I just think... so what? Most of the time an invitation won’t list items of clothing for either gender, just ‘black tie’. All the expectations I’ve gone into will still be in place, and it is expected that you know the rules, and that 'bra showing’ or ‘visible armpit hair’ is every bit as unacceptable as not wearing a cummerbund, and more likely to be noticed and disapproved of. 
The way that these things work is not about strict adherence to stated rules, it’s about looking appropriate and fitting in. If you break the rules a little - no waistcoat or cummerbund, different coloured tie or shirt, different style of dressy shoes - but succeed at fitting in and being judged smart and appropriate, at worst you may face slight social disapproval, and at best you will be praised for your original style. If you adhere to the letter of the rules but stand out and are judged not to be smart and appropriate - to follow your example, visible armpit and leg hair, unstyled hair, no makeup etc - you will have followed the rules but the consequences of social disapproval* will still follow. The only logical conclusion here is that the important thing regarding consequences (which to me is really all that can matter) is not whether or not you follow the stated rules.
* and possibly more. If social disapproval doesn’t bother you (tangent 4), remember it can have tangible consequences. If you are socialising with people in your workplace or field of work, as people often do, social disapproval can hurt your job prospects - people who are judged to be incompetent at fitting in and following unspoken social rules can be judged as less competent generally. Plus, if you’re judged not to fit in in the social scene, you may not be invited again, which is dangerous for any profession where advancement can rely on networking. Becoming regarded as a social misfit is also unlikely to help a person’s romantic prospects.
* additional note: there are particularly strict venues or events where a significant deviation from the stated formality rules - trainers, for instance, or no tie - can result in being refused entry. This is the consequence that I think would probably be applied to stated-rule deviation and not unspoken-expectation deviation. But even in this case, I would maintain that adherence to the stated rules is necessary but not sufficient to avoid consequences - unspoken-expectation deviation will still result in the consequences above.
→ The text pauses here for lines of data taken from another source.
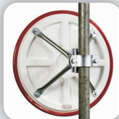
Fixation à 4-points avec rotule pour un meilleur réglage.
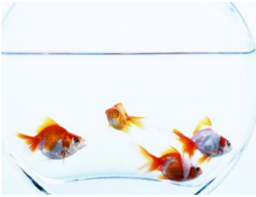
Рис. 1 б.
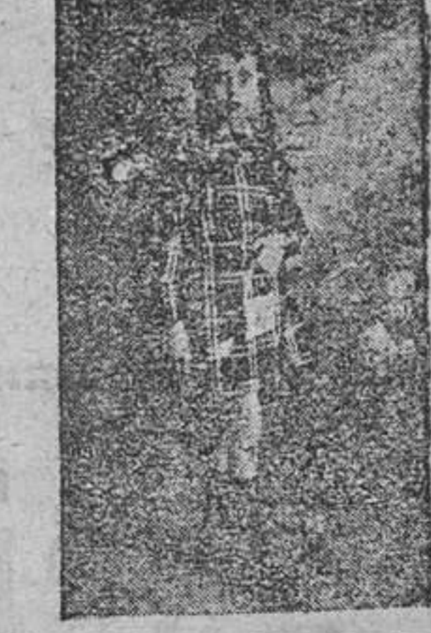
La misma a los 18 meses de tratamiento; notablemente disminuida la atrofia, sin dolor y pudiendo andar sin muletas, con extraordinaria mejoría. Después de general

Of course, to me - I’m also autistic - part of why our current set up is such a good deal for men is that we both have stated rules and unspoken expectations, but so much more of what is expected from women falls under unspoken expectations.
As a man, you need to wear what it says on the list, and figure out that you’re probably also supposed to wear trousers and underwear and whatnot. You need to make sure those clothes aren’t dirty or visibly damaged, then shave and probably run a comb through your hair. Boom, you’re black-tie-ready.
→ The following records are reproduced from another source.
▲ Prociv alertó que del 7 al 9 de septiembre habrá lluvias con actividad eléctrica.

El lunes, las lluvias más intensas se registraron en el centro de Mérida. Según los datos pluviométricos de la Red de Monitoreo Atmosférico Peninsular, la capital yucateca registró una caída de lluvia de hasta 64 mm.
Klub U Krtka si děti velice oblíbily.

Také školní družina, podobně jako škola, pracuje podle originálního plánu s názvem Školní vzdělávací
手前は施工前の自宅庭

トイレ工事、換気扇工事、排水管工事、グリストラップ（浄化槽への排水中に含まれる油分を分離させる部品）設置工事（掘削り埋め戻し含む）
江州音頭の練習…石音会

Women don’t just have all these other things to do - they also have to intuit that they are expected of them. Plus, as I said before, they need to correctly choose a black-tie-appropriate outfit, in colours that match, with no option to instead just wear the exact items and colours that are listed under ‘black tie’.
You’re 100% right about the weird lack of sane pockets on women’s pants. Also about the greater difficulty of finding clothes that fit, which I think is partly a result of the factors you mention, but is also clearly greatly exacerbated by the “one dress” vs. “pants + shirt” issue, at levels of formality where wearing a separate skirt and top is not acceptable, since that means trying to find a single garment that fits all of one’s (ankle-to-neck) measurements, rather than two that each fit half of them.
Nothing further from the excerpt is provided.